Bujumbura (Burundi) le 10 septembre 2014 – Avocats Sans Frontières (ASF) appelle la justice burundaise à mettre fin aux multiples irrégularités qui bloquent depuis plus d’un an l’avancement de l’affaire de l’assassinat d’Ernest Manirumva. Cet appel suit le cinquième report de l’audience du 4 septembre dernier de la Cour suprême de Justice du Burundi pour examiner cette affaire emblématique. Alors que ce procès continue de s’enliser devant le plus haut tribunal du pays, la famille d’Ernest Manirumva, grand défenseur des droits humains, et l’ONG dans laquelle il œuvrait, l’Observatoire de lutte contre la corruption et les malversations économiques (OLUCOME), persévèrent dans leur quête de justice.
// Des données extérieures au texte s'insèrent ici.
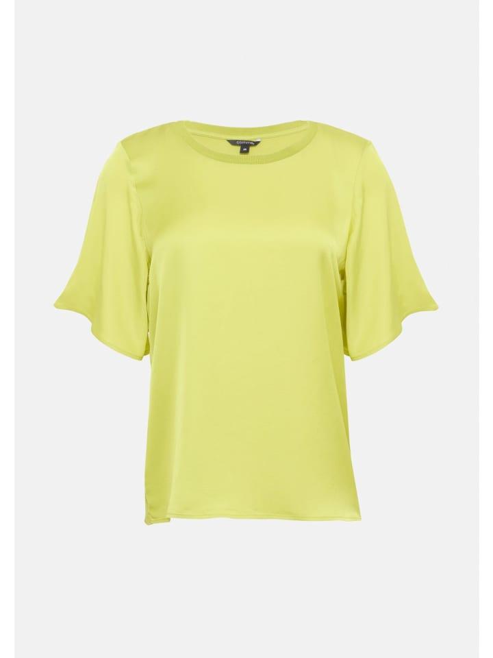 Струящаяся элегантность на любой случай: эта рубашка-блузка из смеси атласа и трикотажа создает универсальную вещь. Круглый вырез горловины с ребристой отделкой и оборки на рукавах придают свободному крою женственность. Эта рубашка идеально подходит для повседневных и деловых образов, она легко стилизуется. Сочетание вискозы и тонкой ткани обеспечивает комфортную носку и выгодно подчеркивает фигуру.
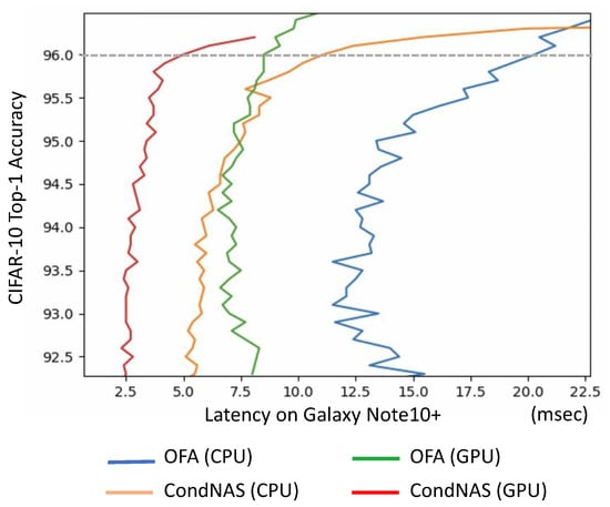 When the BPNet method was applied to the CNN obtained by OFA, the resultant conditional CNN could not maintain the accuracy of 0.96, but resulted in 0.925 with the latency of 14.98 ms. The conditional CNN obtained by CondNAS for the same accuracy of 0.925 showed 5.10 ms, achieving a 2.94× speedup.
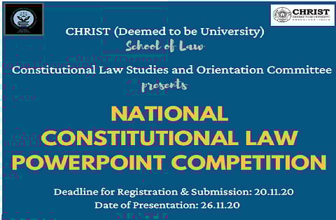 School of Law, CHRIST (Deemed to be University) is organising a PPT competition virtually (Cisco Webex) on a pan India scale to celebrate the 71st National Constitutional Law Day on 26th November 2020 (Thursday).
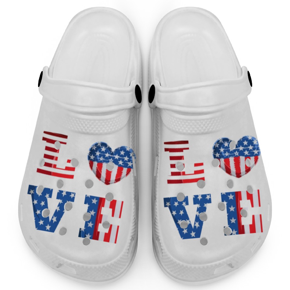 Own fascinating LOVE America Independence Day USA Patriots Clogs or see more Clogs products now from Printblur shop to enjoy your shopping time!
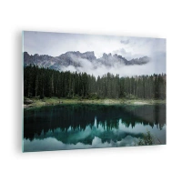 Glastavla - Bild på glas - Berglandskap med en sjö och skog som speglas i vattnet - 70x50cm - Tyst, tyst, väck inte sovande vatten... - Modern väggdekoration för vardagsrum och sovrum ARTTOR
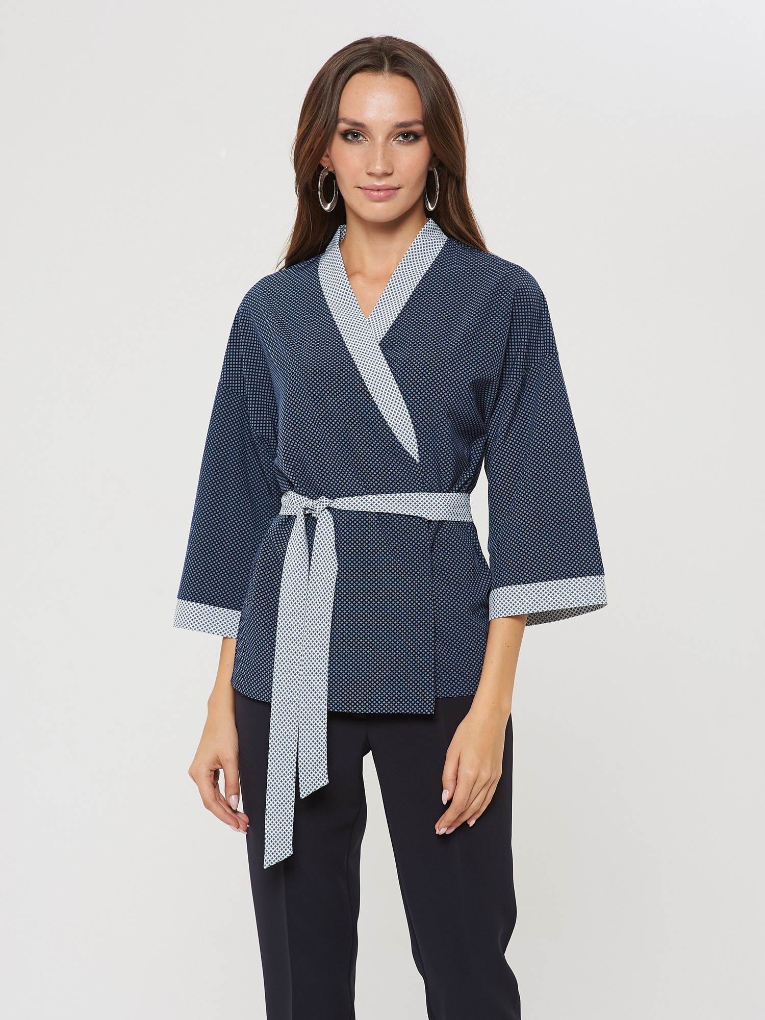 Блузка-кимоно в пижамном стиле с контрастной отделкой по горловине и рукавам. Эта блузка добавит расслабленности слишком сторогму образу. Пояс в комплекте.

L’assassinat d’Ernest Manirumva le 9 avril 2009 a donné lieu à l’un des procès les plus suivis des dernières années au Burundi. Le premier jugement ordonné par le Tribunal de Grande Instance de Bujumbura en mai 2012 a été fort critiqué tant par la société civile burundaise que par les accusés et les parties civiles. Tous s’entendaient alors pour exiger des mesures d’enquête complémentaires afin d’identifier les vrais responsables du crime. Le jugement en appel rendu en janvier 2013 n’a pas non plus su répondre à ces attentes. Les parties civiles ainsi que certains prévenus ont donc déposé un pourvoi en cassation en juin 2013.
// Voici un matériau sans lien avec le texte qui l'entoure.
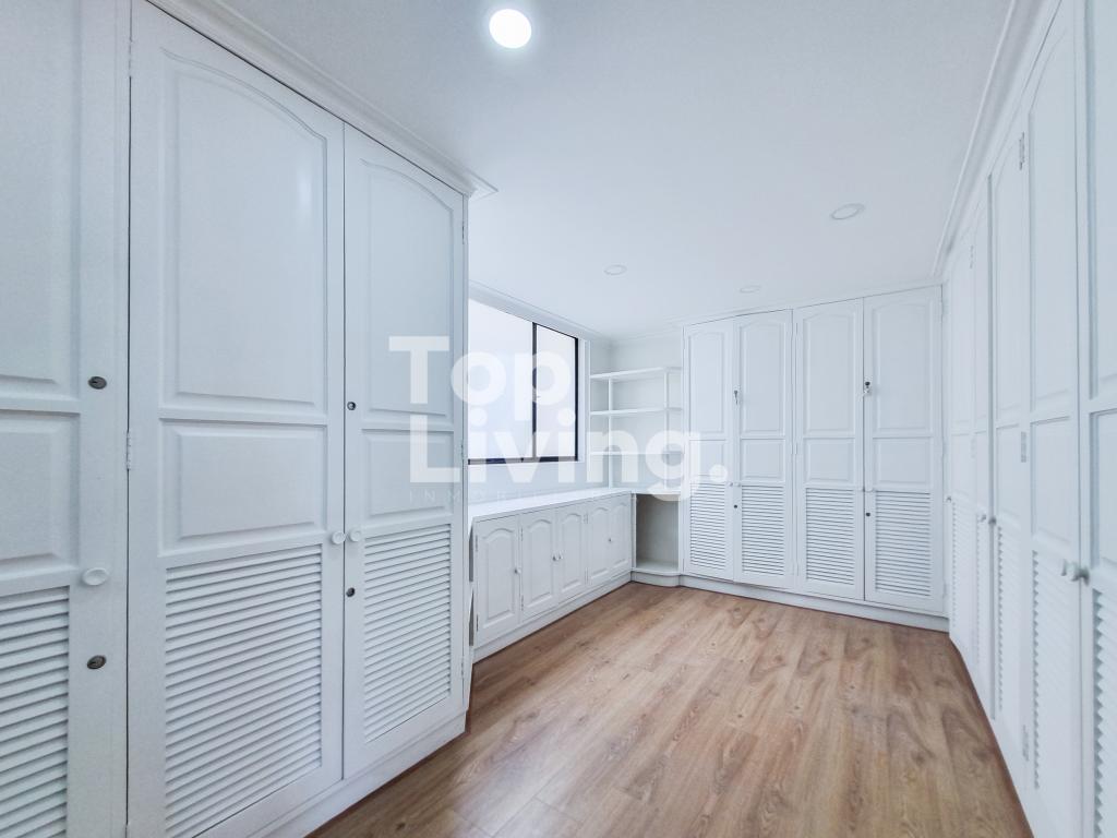 Espectacular apartamento con dos ascensores privados para venta. Apartamento clásico, recientemente remodelado con amplísima zona social con buena luz. Se divide en comedor independiente, sala y estudio. La cocina integral cuenta con isla central, electrodomésticos nuevos, gran espacio de almacenamiento y otro amplio comedor auxiliar, además de una gran despensa y un espacioso cuarto de servicio con su baño. En la zona privada tenemos cuatro enormes habitaciones cada una con su baño iinterior, la principal con walk-in closet y en el baño principal tenemos un turco y jacuzzi. Además hay un gran family o sala de televisión. Se complementa con 5 parqueaderos independientes y dos depósitos de buen tamaño.
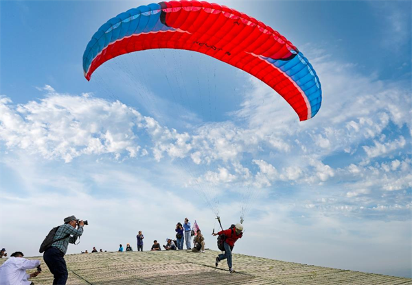 谁说乡村不够潮?九华的滑翔伞基地直接刷屏!长焦追拍“空中舞者”,俯拍视角下茶园如绿毯铺展,妥妥的大片既视感!

Or, depuis novembre 2013, le dossier a été fixé en audience publique par la Cour suprême de Justice du Burundi à pas moins de cinq reprises et ces audiences ont toutes été remises à des dates ultérieures. La Cour a systématiquement négligé les démarches visant à assurer la bonne préparation des audiences et à permettre à toutes les parties concernées d’être présentes. La dernière audience publique de la semaine dernière a connu le même sort.
« Ces irrégularités de procédure qui empêchent le dossier de suivre son cours normal se multiplient », constate Céline Lemmel, Chef de mission ASF au Burundi. « Les tribunaux doivent préparer les audiences de manière à ce que la justice soit rendue de façon équitable, tant pour les victimes que pour les prévenus, et ce dans des délais raisonnables », rappelle-t-elle.
Après plus de cinq ans de procédures judiciaires, les parties civiles au procès Manirumva s’impatientent à obtenir justice. « Le recours pendant devant la Cour Suprême est capital. Il vise à examiner une série d’éléments d’insatisfaction relevés dans le cadre de l’appel, comme l’absence d’équité des débats pour les parties civiles et l’absence de motivation de la cour quant aux refus de leurs demandes », précise la Chef de mission d’ASF.
L’enjeu du procès Manirumva est important pour les parties au procès, mais aussi pour les défenseurs des droits humains qui poursuivent leur travail au Burundi et attendent impatiemment des réponses de la justice burundaise. C’est pourquoi ASF appelle les autorités judicaires burundaises à mettre un terme aux délais récurrents et aux irrégularités dans l’examen de cette affaire ; la bonne tenue de la prochaine audience publique doit être assurée, et ce dans le strict respect du devoir de diligence à l’égard de toutes les parties au procès.